Als je info zoekt over senheiser zou het dan misschien op de senheiser site staan?
Op die andere fora denken ze zeker ook nog voor je!!

Ga ff fijn daar je domme vragen stellen aub.

Eerst heette je drazz en was je irritant, nu ben je drie nicknames verder en snap je nog steeds niet hoe het werkt!

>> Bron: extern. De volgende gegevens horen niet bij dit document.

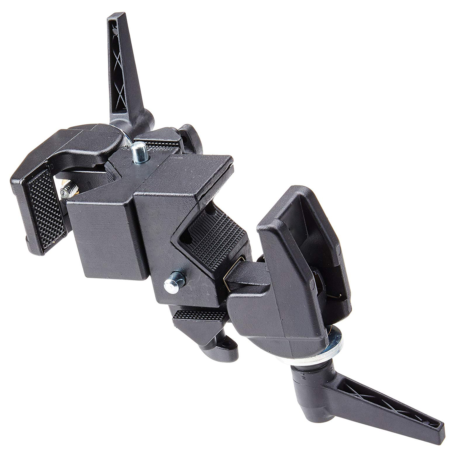 Su construcción en aluminio y acero tiene pernos de 1/4″ -20 por lado, con insertos de caucho para evitar rayar los equipos. Sus 3 articulaciones se ajustan por la misma palanca central.

Waar draai jij trouwens, kom ik een keertje kijken...ben benieuwd wat je ervan bakt

.....Goed Bezig!!!!!!!!!!!!!!!!!!!

----------


## Daan Hoffmans

HD 25, f280,- ex. Maakt bij mekaar zo'n 340 guldens inc. BTW. Waar? Bij mijn baas.
Maar ik vind de schelpen niet echt draaibaar, tenminste ik denk niet zo als -NeO- dat bedoelt.
Maar het is een geweldig ding, kan niet anders zeggen.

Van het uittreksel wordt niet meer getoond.